◆ What this task involves: Using the records that follow, reproduce exactly the lines starting at the line containing "En la prueba de falsas creencias de primer" and ending at the line containing "Fashion Short Sleeve". Include both end lines and no pictures.

◆ Data excerpts:

• • • •

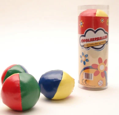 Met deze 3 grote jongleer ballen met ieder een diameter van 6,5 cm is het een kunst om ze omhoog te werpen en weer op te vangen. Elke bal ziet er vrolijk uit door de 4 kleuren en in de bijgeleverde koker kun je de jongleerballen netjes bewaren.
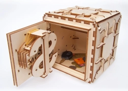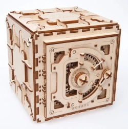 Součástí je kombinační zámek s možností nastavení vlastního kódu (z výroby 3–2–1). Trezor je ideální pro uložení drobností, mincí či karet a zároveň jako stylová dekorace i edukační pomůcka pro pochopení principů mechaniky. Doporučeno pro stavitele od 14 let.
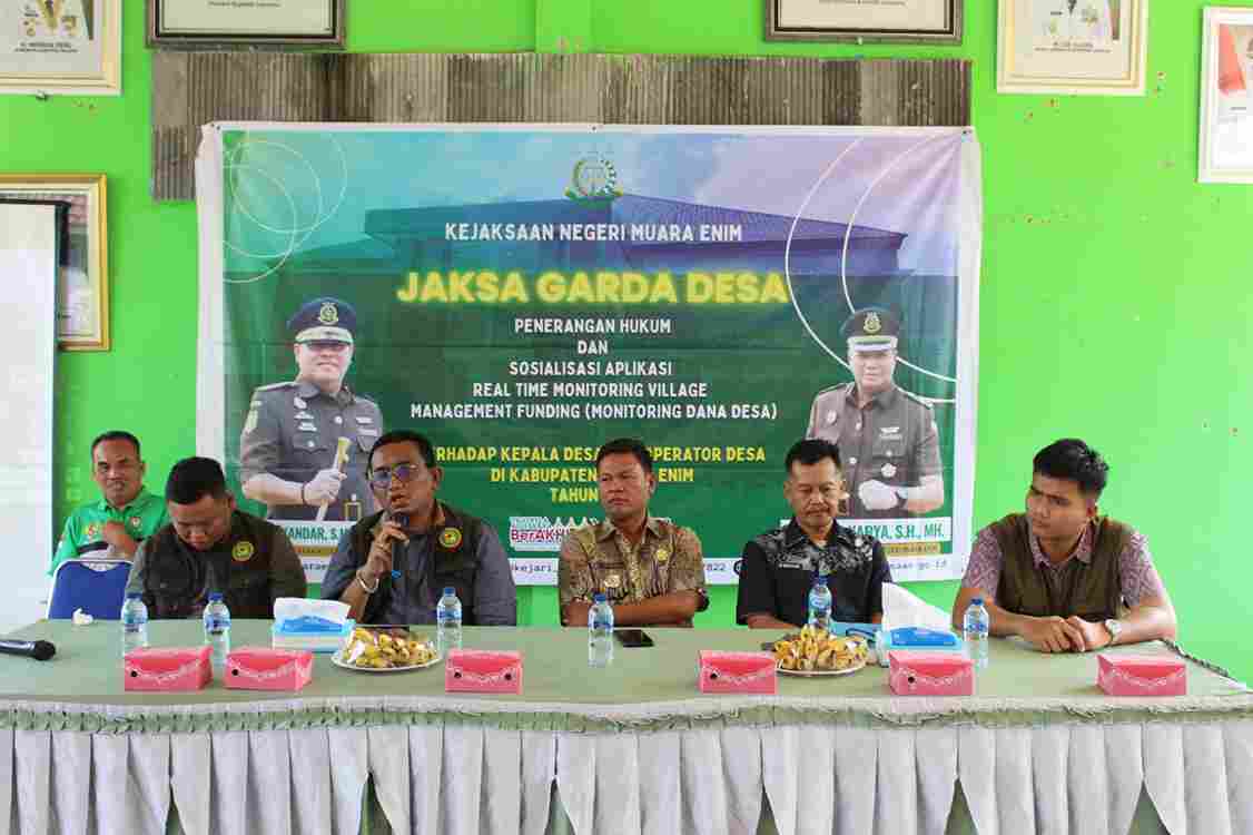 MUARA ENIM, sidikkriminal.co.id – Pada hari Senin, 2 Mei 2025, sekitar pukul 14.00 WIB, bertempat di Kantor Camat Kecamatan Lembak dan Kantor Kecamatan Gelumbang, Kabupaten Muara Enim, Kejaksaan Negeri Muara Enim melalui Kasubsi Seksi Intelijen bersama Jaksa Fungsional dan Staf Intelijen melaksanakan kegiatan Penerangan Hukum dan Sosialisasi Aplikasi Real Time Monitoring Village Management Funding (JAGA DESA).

• • • •

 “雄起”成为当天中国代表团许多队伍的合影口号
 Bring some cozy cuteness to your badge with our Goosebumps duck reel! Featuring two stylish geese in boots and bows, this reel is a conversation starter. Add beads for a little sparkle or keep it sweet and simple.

• • • •

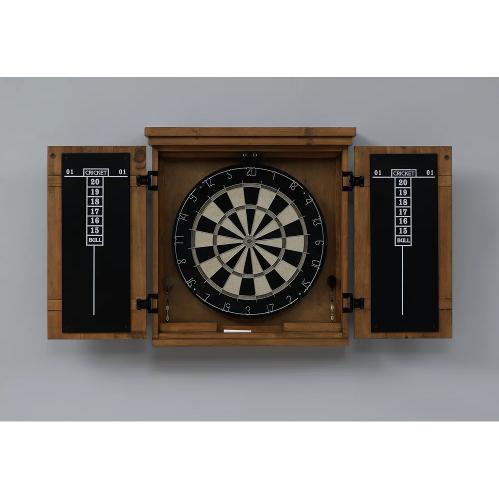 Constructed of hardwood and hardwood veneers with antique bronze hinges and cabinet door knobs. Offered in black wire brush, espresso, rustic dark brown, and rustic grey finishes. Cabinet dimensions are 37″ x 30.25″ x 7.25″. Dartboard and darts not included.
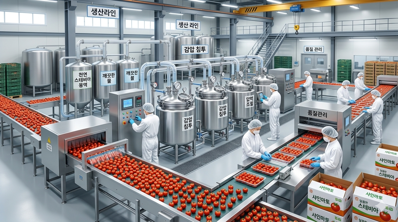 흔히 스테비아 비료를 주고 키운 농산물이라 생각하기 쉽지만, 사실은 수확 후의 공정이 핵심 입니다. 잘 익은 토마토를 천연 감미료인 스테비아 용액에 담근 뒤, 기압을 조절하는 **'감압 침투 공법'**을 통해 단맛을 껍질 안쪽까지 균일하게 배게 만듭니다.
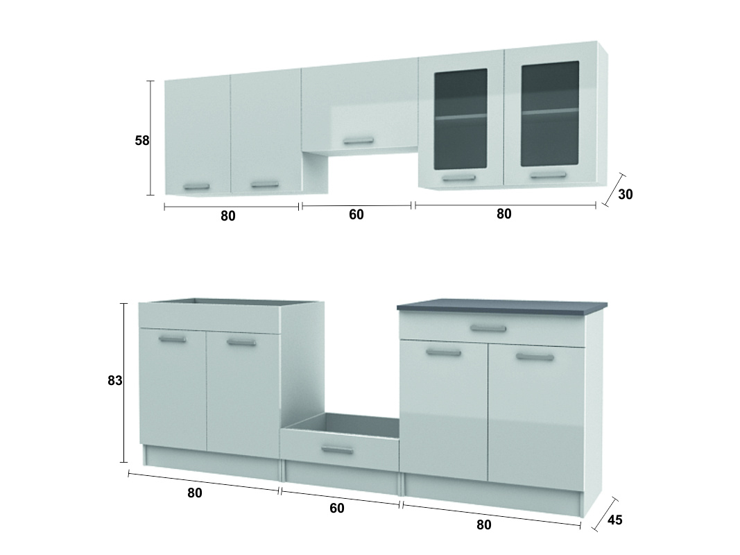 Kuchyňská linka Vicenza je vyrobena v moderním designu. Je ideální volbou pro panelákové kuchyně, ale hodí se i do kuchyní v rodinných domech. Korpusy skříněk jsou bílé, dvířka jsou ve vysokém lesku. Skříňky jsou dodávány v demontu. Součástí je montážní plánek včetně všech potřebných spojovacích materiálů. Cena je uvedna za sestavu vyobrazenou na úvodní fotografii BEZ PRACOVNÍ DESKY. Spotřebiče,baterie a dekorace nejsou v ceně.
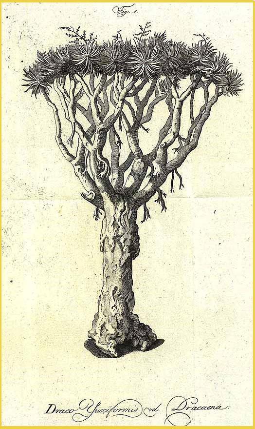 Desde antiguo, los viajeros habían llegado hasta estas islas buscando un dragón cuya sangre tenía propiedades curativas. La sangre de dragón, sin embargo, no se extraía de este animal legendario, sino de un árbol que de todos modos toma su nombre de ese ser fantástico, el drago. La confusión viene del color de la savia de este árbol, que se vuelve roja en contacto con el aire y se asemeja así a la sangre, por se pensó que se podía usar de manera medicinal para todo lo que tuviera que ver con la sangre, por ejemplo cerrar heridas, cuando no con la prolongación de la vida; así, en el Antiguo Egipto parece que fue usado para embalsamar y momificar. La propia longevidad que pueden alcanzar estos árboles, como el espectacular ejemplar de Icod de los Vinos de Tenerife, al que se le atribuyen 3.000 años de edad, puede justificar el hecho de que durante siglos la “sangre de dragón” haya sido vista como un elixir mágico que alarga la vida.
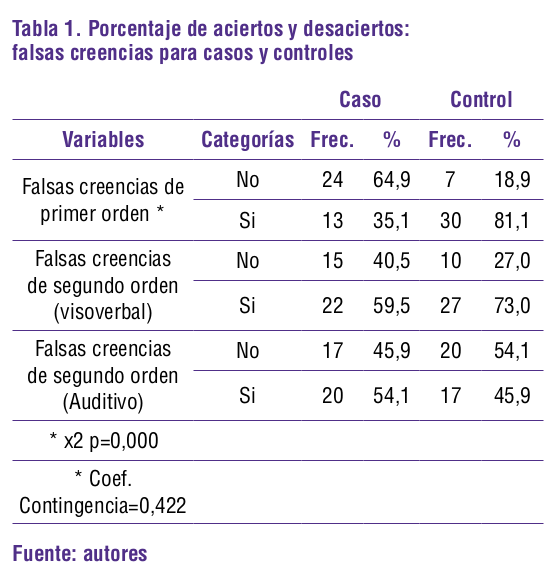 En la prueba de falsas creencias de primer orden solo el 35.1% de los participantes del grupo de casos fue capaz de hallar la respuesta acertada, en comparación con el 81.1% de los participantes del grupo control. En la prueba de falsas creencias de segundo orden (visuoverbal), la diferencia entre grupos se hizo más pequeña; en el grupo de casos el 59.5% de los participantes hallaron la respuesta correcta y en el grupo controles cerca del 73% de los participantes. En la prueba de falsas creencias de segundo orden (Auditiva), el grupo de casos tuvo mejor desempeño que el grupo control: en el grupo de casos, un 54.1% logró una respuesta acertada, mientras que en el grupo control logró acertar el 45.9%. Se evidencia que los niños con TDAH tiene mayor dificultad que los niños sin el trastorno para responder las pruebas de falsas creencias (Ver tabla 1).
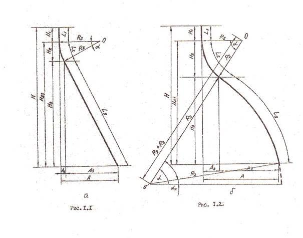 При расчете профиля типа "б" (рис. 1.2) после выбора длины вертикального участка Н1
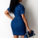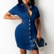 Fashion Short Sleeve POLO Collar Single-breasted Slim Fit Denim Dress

• • • •

◆ Your solution:
 En la prueba de falsas creencias de primer orden solo el 35.1% de los participantes del grupo de casos fue capaz de hallar la respuesta acertada, en comparación con el 81.1% de los participantes del grupo control. En la prueba de falsas creencias de segundo orden (visuoverbal), la diferencia entre grupos se hizo más pequeña; en el grupo de casos el 59.5% de los participantes hallaron la respuesta correcta y en el grupo controles cerca del 73% de los participantes. En la prueba de falsas creencias de segundo orden (Auditiva), el grupo de casos tuvo mejor desempeño que el grupo control: en el grupo de casos, un 54.1% logró una respuesta acertada, mientras que en el grupo control logró acertar el 45.9%. Se evidencia que los niños con TDAH tiene mayor dificultad que los niños sin el trastorno para responder las pruebas de falsas creencias (Ver tabla 1).
 При расчете профиля типа "б" (рис. 1.2) после выбора длины вертикального участка Н1
 Fashion Short Sleeve POLO Collar Single-breasted Slim Fit Denim Dress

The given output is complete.